I made a New Year’s resolution to promote a more healthy diet in 2011 on GourMay.  Some of my Texas relatives were not pleased with this decision but after watching Jamie Oliver give his vegetable quiz to some West Virginian kids, I decided  to jump on Jaime’s bandwagon and support the American Food Revolution. 

 I mean, imagine a world dominated by McDonalds, KFC, Dunkin Donut and Starbucks.  Pretty grim stuff if you ask me, but a diet of brown rice and tofu would likely send me around the bend.  

Now that I have a granddaughter, I want to make sure that she is brought up properly eating the “right” food.  I don’t plan to go overboard like most of today’s amateur nutritionists who have taken the joy out of eating.  GourMay is  simply going to focus on eating non-processed foods.  In fact, next month we will be launching a new section on GourMay on how to prepare natural baby foods as the solids begin to kick in month four of Corinne’s culinary awakening.

Several months ago, I presented a couple of kale recipes that were quite popular with old and young alike:  Raw Tuscan Kale Salad with Pecorino and Kale Crunch.    This time, we will experiment with Mark Bittman’s kale stew recipe  (The Minimalist column from the New York Times), affectionately known to his fans as “Bitty,” who was paired with the Claudia “Eye Candy” Bassols in Mario Batali’s delightful and entertaining Spain food Odyssey, On the Road Again.
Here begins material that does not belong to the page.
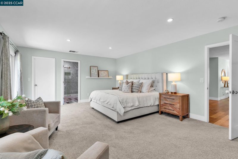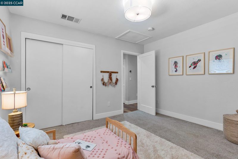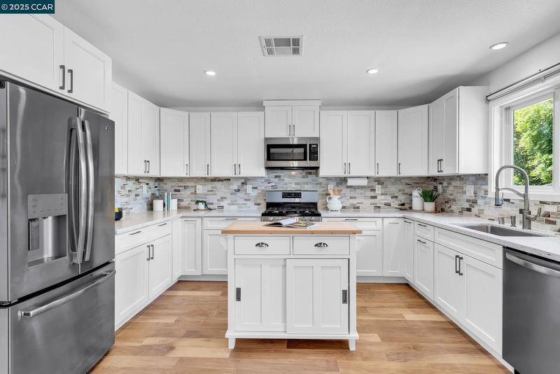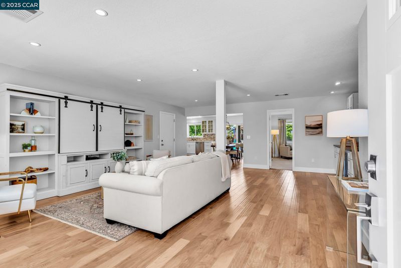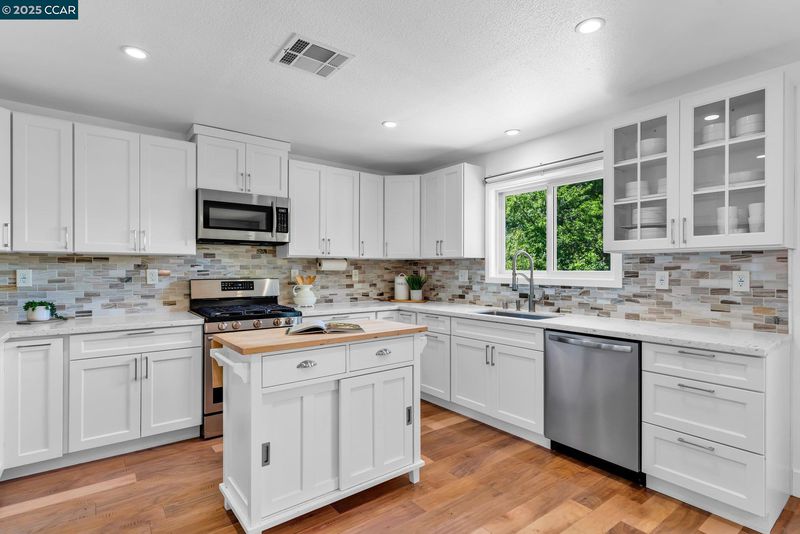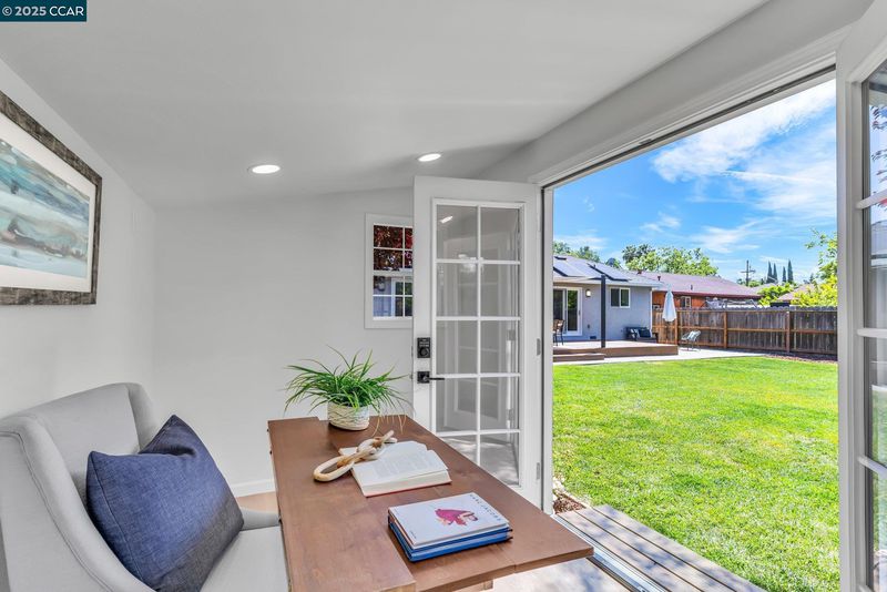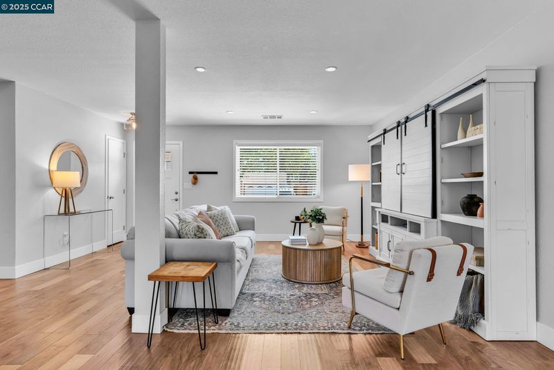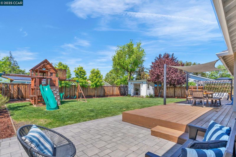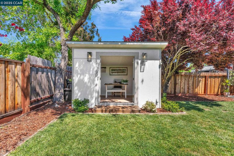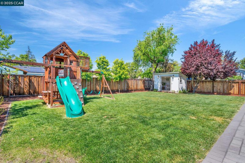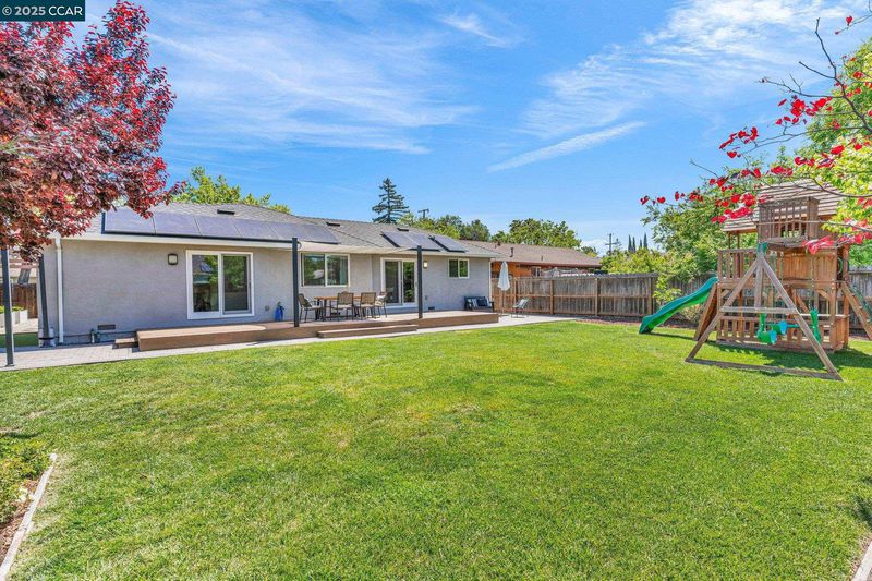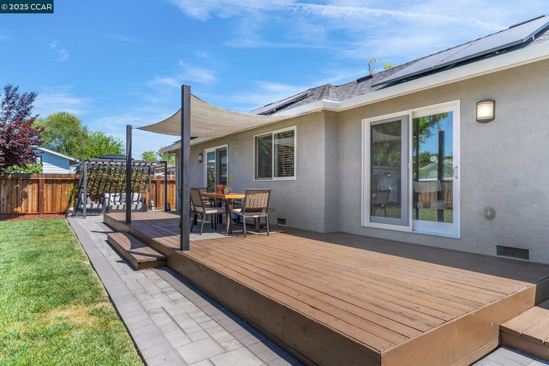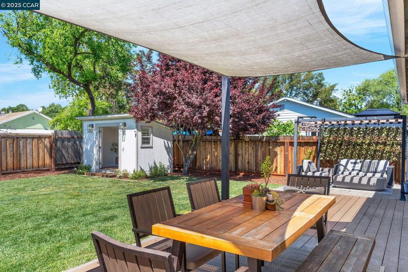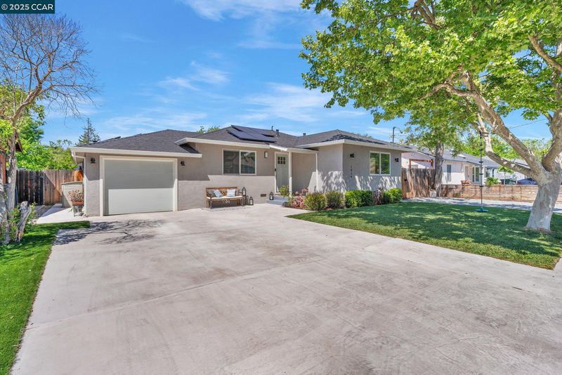 Welcome to this beautifully updated single-story residence tucked into one of Pleasant Hill’s most desirable neighborhoods. With 1,751 square feet of thoughtfully designed living space, this 3-bedroom, 2-bath home seamlessly blends timeless charm with modern upgrades. Originally built in 1947, the home has been tastefully refreshed throughout. The open-concept kitchen features a large central island—perfect for gatherings—alongside a gas range, stainless steel appliances, and generous storage. Rich engineered hardwood floors flow throughout the living areas, while both bathrooms showcase classic tile finishes and shower-over-tub designs. Additional highlights include a newer composition roof, solar energy system, tankless water heater, central A/C, EV charging, and dual-pane windows. The detached bonus space provides flexibility for a home office or creative studio. Set on a level 7,522 sq ft lot, the backyard invites indoor-outdoor living with an expansive deck, play structure, and low-maintenance landscaping. The front yard is equally inviting with fresh plantings and an automatic sprinkler system. With easily accessible trails, close proximity to top rated schools and a walkable library, this home blends comfort, convenience and style in one package

Kale, Sausage and Mushroom Stew


1 Tbs extra virgin olive oil
3/4 to 1 pound Italian sausage, sweet or hot, cut into 1-inch pieces
1 pound of kale, leaves stripped from stems, stems reserved
3/4 pound trimmed and sliced mushrooms
1 Tbs roughly chopped garlic
1 Tbs hot paprika or dried red  chili flakes, or to taste
Salt and pepper to taste
2 cups chicken stock or water (not Perrier!)


  • Put olive oil in a large deep skillet or casserole and turn heat to medium-high.  When the oil begins to ripple (Langston, that means make waves that you are not afraid to surf in), add sausage and cook without stirring until well browned on one side (about 5 minutes).  Meanwhile chop kale stems into 1/2-inch lengths and shred leaves.
  • Stir sausage and let it brown a bit more.  Remove it with a slotted spoon (don’t worry if it isn’t cooked through).  Cook mushrooms in remaining fat, stirring occasionally, until lightly browned, about 10 minutes.  Remove with a slotted spoon and keep warm.
  • Add kale stems and cook, stirring frequently, until they begin to brown, in 3 or 4 minutes.  turn heat to medium and add garlic, paprika or chili flakes, kale leaves, salt and pepper.  Stir and cook about 1 minutes.  Return sausage to pan and add stock or water.  Raise head to high and cook about 5 minutes, stirring occasionally and scraping bottom of pan with wooden spoon.  Add salt and pepper to taste, ladle stew into bowls and top with reserved mushrooms.

You are what you eat and, quite frankly, the war in Europe would have been lost if Churchill had been eating tofu and drinking skim milk.